═══ Available data ═══

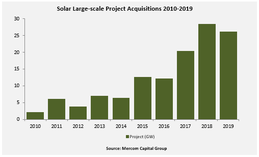 2019年,共有26吉瓦的大型太陽能項(xiàng)目易手,而2018年為29吉瓦。2019年有192個(gè)大型太陽能項(xiàng)目并購(gòu),而2018年為218個(gè)大型太陽能項(xiàng)目。
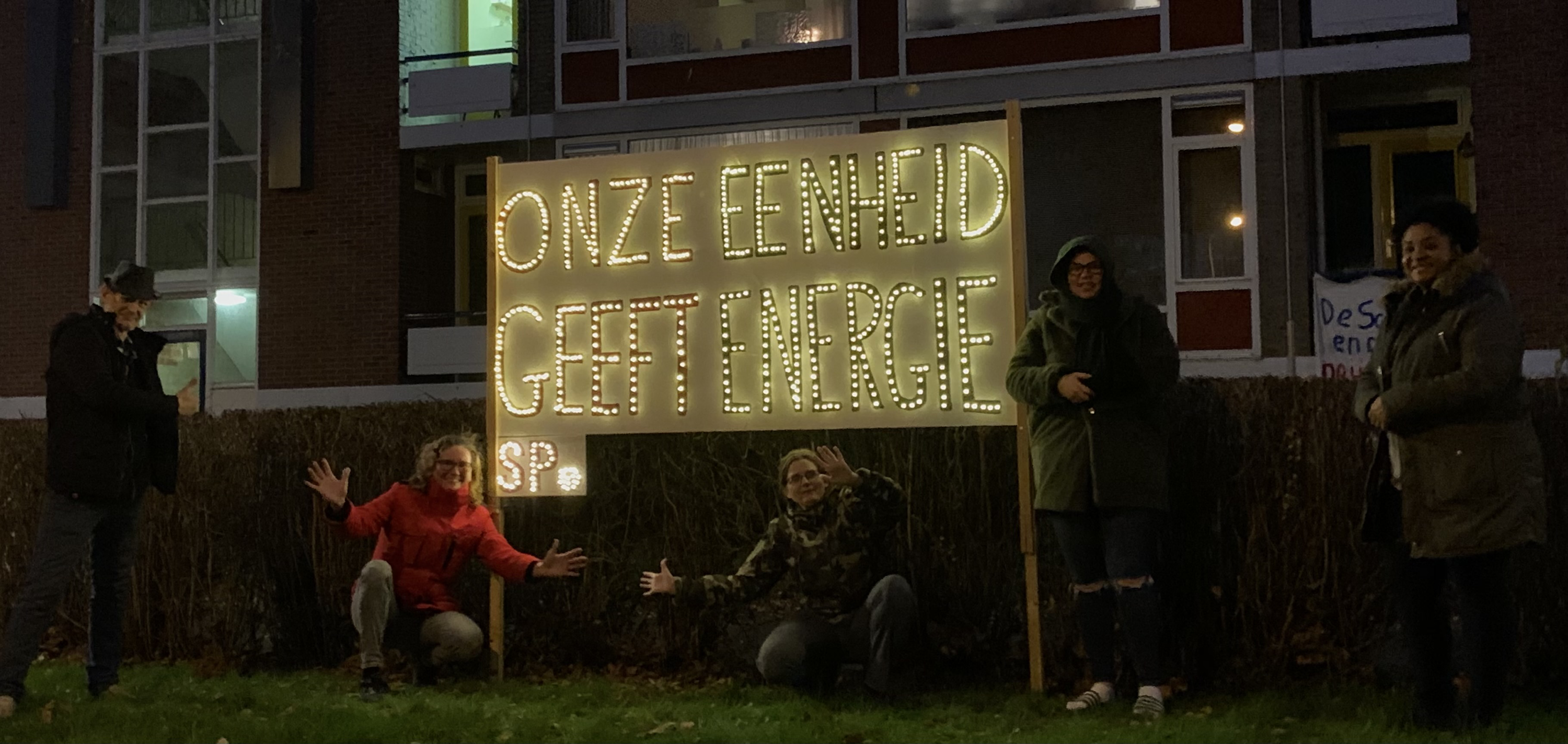 Huurders van woningen aan de Iepenlaan en Lijsterbeslaan geven met een lichtgevend spandoek aan dat hun strijd voor lagere woonlasten pas net begonnen is. Samen met de SP voeren zij actie.
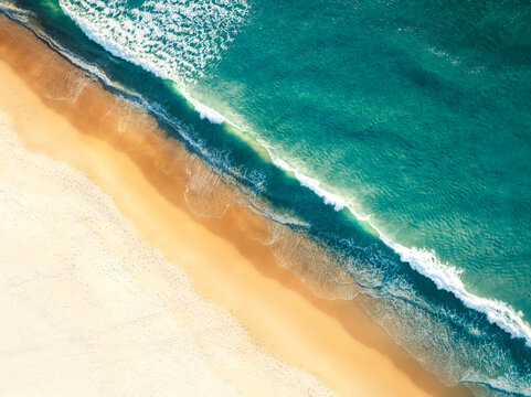 Aerial view of beautiful beach with clear blue water and calming waves, Port Noarlunga, South Australia, Australia.
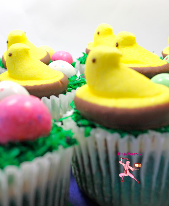 9. Sprinkle the green coconut grass onto the cupcakes. Top with a marshmallow bird and chocolate eggs.
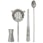 - Four essential bar tools: measuring cup, stirrer, strainer, and ice tongs.
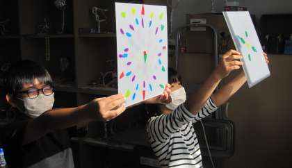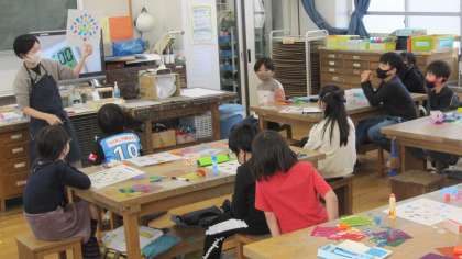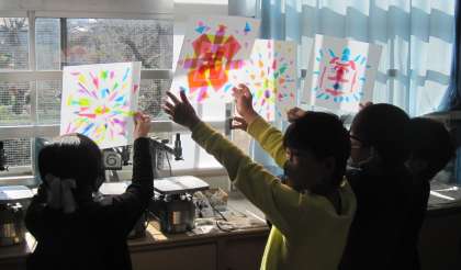 光の花〜お祝いの花〜 を制作しています。今日のめあては「光にすかしながら花を表そう」です。子どもたちは、自分の作品を光にすかしながら、さらにイメージを膨らませていました。
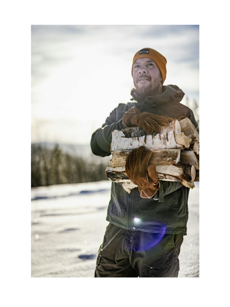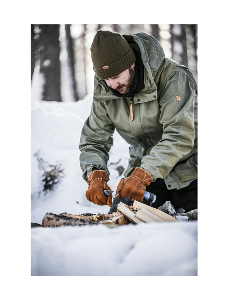 Split kindling, make fires, build shelters, deal with game – Oden Nubuck is designed for all kinds of tasks in the great outdoors. A robust, unlined work glove that literally functions as a second skin, protecting the hand from scrapes and injuries. It is sewn in supple nubuck leather with external seams for comfort and grip. And the thread is a sturdy fire retardant waxed cotton that won’t melt in the heat of a campfire. A pull tab on the cuff makes the glove easier to put on and an eyelet means you can attach it to a belt loop or rucksack, for example. Perfect for hiking, hunting and wilderness adventure.

═══

● **Exercise brief**
Output, exactly and without pictures, the span of lines that starts at the line containing "Aerial view of" and ends at the last line above.

● **Exercise output**
 Aerial view of beautiful beach with clear blue water and calming waves, Port Noarlunga, South Australia, Australia.
 9. Sprinkle the green coconut grass onto the cupcakes. Top with a marshmallow bird and chocolate eggs.
 - Four essential bar tools: measuring cup, stirrer, strainer, and ice tongs.
 光の花〜お祝いの花〜 を制作しています。今日のめあては「光にすかしながら花を表そう」です。子どもたちは、自分の作品を光にすかしながら、さらにイメージを膨らませていました。
 Split kindling, make fires, build shelters, deal with game – Oden Nubuck is designed for all kinds of tasks in the great outdoors. A robust, unlined work glove that literally functions as a second skin, protecting the hand from scrapes and injuries. It is sewn in supple nubuck leather with external seams for comfort and grip. And the thread is a sturdy fire retardant waxed cotton that won’t melt in the heat of a campfire. A pull tab on the cuff makes the glove easier to put on and an eyelet means you can attach it to a belt loop or rucksack, for example. Perfect for hiking, hunting and wilderness adventure.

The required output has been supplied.